On Vampires, Zombies, and Supreme Court Justices

After noting a substantial decline in public esteem for the Supreme Court, as measured in opinion polls, Burt Likko wonders what it means:

The canary looks a little woozy to me. It’s certainly not dead yet and there is no reason for despair, but something isn’t as it ought to be. Aren’t we, as a culture and as a people, losing something precious when our attitudes towards the bench shift so much in the span of a single generation?

“No reason to despair”? If he says so, but here’s an intermediate draft of unreasonable despair: It wasn’t just Bush v Gore, and it wasn’t just the narrowly political nature of Bush v Gore, and it wasn’t even the contradiction between the supposed strict constitutionalism of conservative judges and their deemed necessary resort to a less than strict, arguably extra-constitutional interventionism. Originalism becomes self-undermining, since in the end it’s the purest form of legal positivism, and tends to produce absolute confrontations between need and practice, natural justice and formal justice, exigency and ideal. Bush v Gore was pure exigency and defined as such – in other words the self-falsification of the rule of law. It completed the comprehensive exposure of the arbitrariness and insufficiency of the constitutional system, as the Court called upon and irrevocably spent 200 years of traditional deference. The conduct of the Court furnished just one element in the vast self-satire that that election produced, but it’s a crucial one, since the decision of the court is one of the main ways that the god of the American secular religion, the mysterious Popular Sovereign, speaks. When we no longer hear Her, or believe we do, the system is rubbish, hardly fit for recycling. The Conflict Formerly Known as the War on Terror and the rest of the ’00s up to this very day continued a descent into post-constitutional governance, which the fetishists of the Constitution are implacably determined to hasten. West Wing becomes Veep. Obamessiah turns into the psychopathic janitor-in-chief. A figure like Mitt Romney – open fraud, an ambulatory non sequitur whose nonsensical emptiness is his main redeeming quality – becomes theoretically electable as Head of State and Government.

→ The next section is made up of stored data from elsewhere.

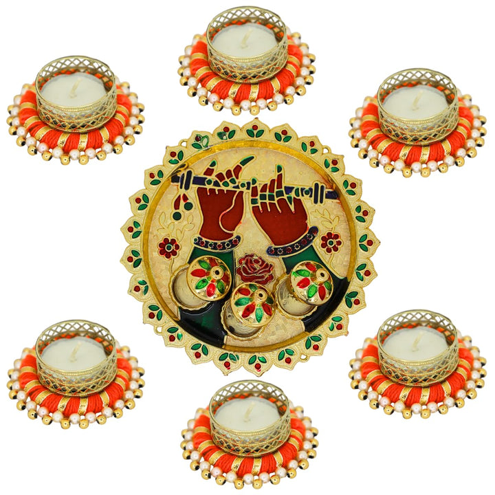 Divine Krishna Pooja Set | 7 Orange Bangle with Gold Pearl Holders & 1 Flute Harmony Thali with Tea Light Candles | Decorative Festive Tealight Holder Set for Pooja & Diwali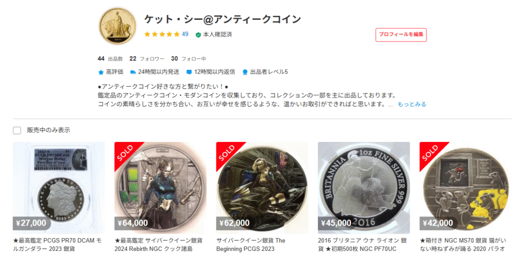 歴史の輝きを放つアンティークコインの魅力を、もっと身近に感じてほしい。そんな想いで、一枚一枚大切に選んだコインをメルカリで販売しております。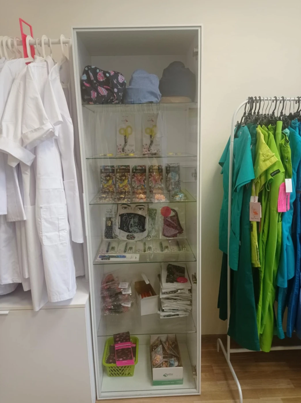 Spinta su stiklinėmis durimis. Viduje yra 6 stiklinės lentynos. Išmatavimai: 180x55x42 cm. Spinta dera su kitais drabužių parduotuvės baldais: kabyklomis ir spintomis su veidrodžiais. Spinta gaminta pagal užsakymą, yra labai geros būklės.
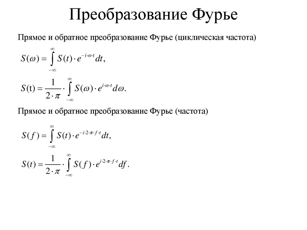 Преобразование ФурьеПрямое и обратное преобразование Фурье (циклическая частота)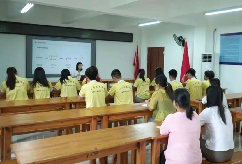 廖晓副教授作为带队老师之一为当地电商工作人员和世界杯官网“三下乡”队员授课,她全面讲解了电商运营的相关专业知识,并对直播过程中遇到的问题进行实地指导,给予解决方案,助力乡村振兴。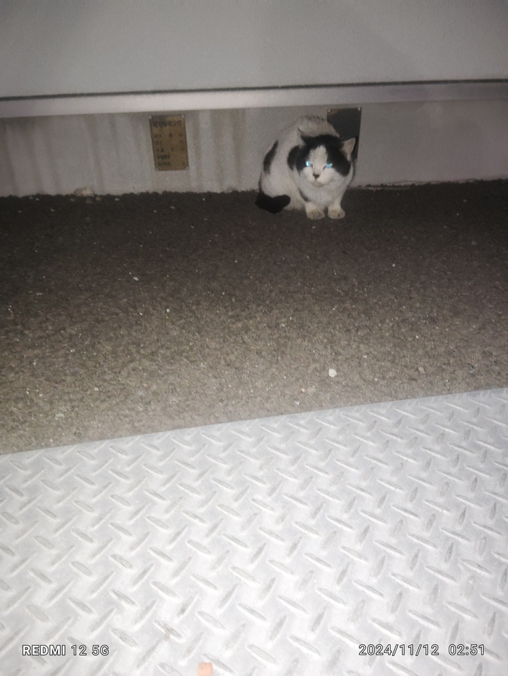 久しぶりに黒猫の斗真君の父猫が現れました、長毛で、尻尾はかぎしっぽで、息子猫と瓜二つですが、体はその2倍なのです…お腹を空かせて皆の所まで来ていました😊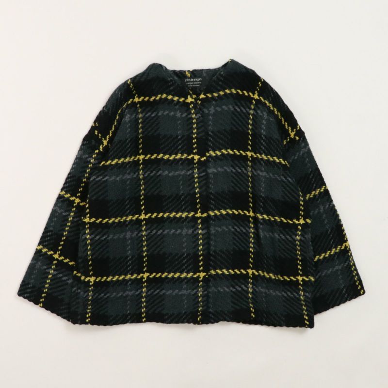John Branigan(ジョン・ブラニガン) Vネックのゆったりとしたシルエットのノーカラージャケット。 他にはないニットの技術で編み上げられるツイード生地は、軽さと柔らかさが特徴です。ニット素材なので気軽に羽織りやすく、ウール混で暖かい1枚です。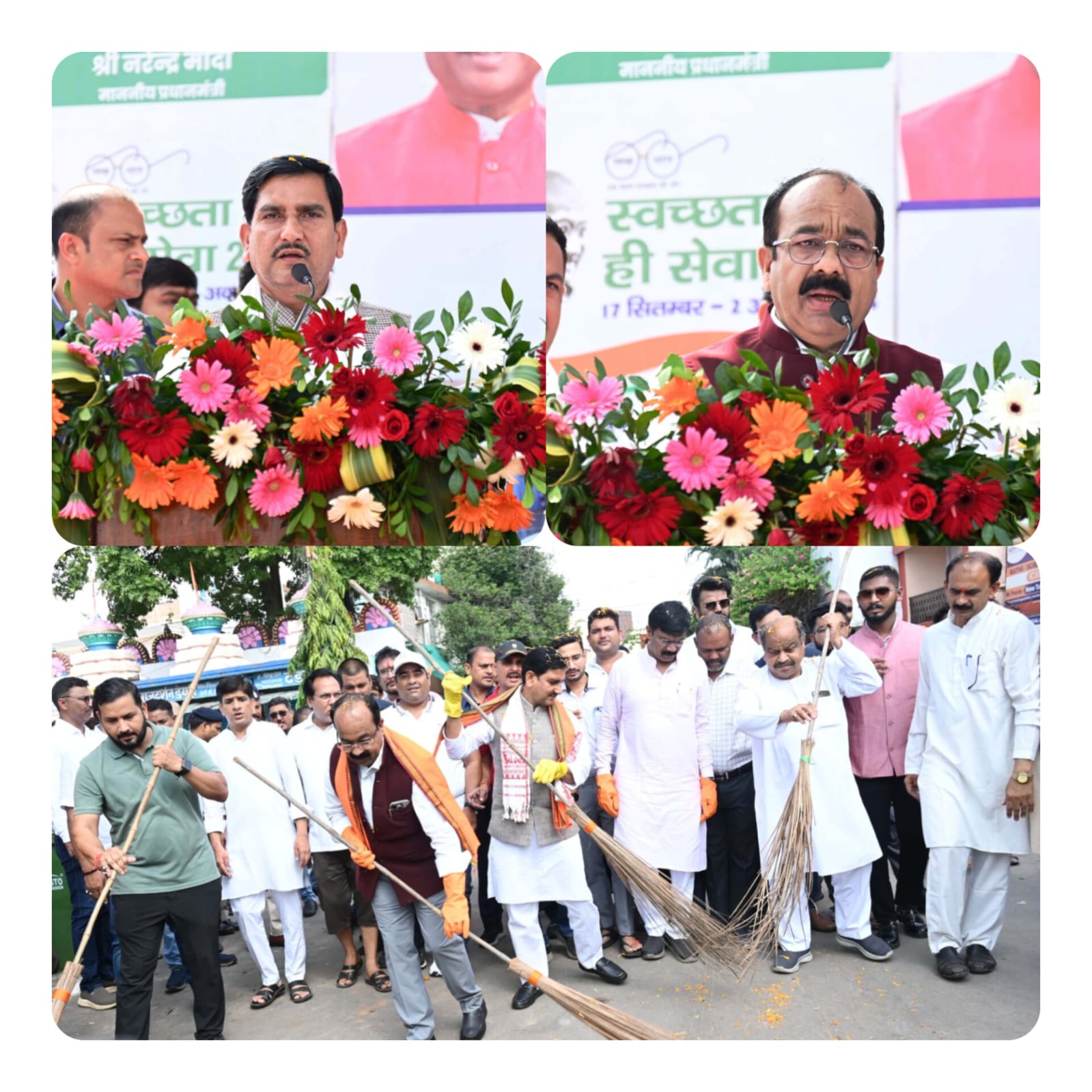 उप मुख्यमंत्री श्री अरुण साव और केंद्रीय राज्य मंत्री श्री तोखन साहू ने 'स्वच्छता ही सेवा' पखवाड़ा में किया श्रमदान

The words “citizens united” come to mean “citizenship annihilated,” we wait for the economy to vote for or against itself to no known purpose, and at every crisis the mask slips away further, revealing nothing at all in the foreground, beyond it a coven of vampires (“them”) amidst a mass of zombies (“us”). To continue functioning at all, the system will have to finish discarding itself, likely to the applause of those few who even notice.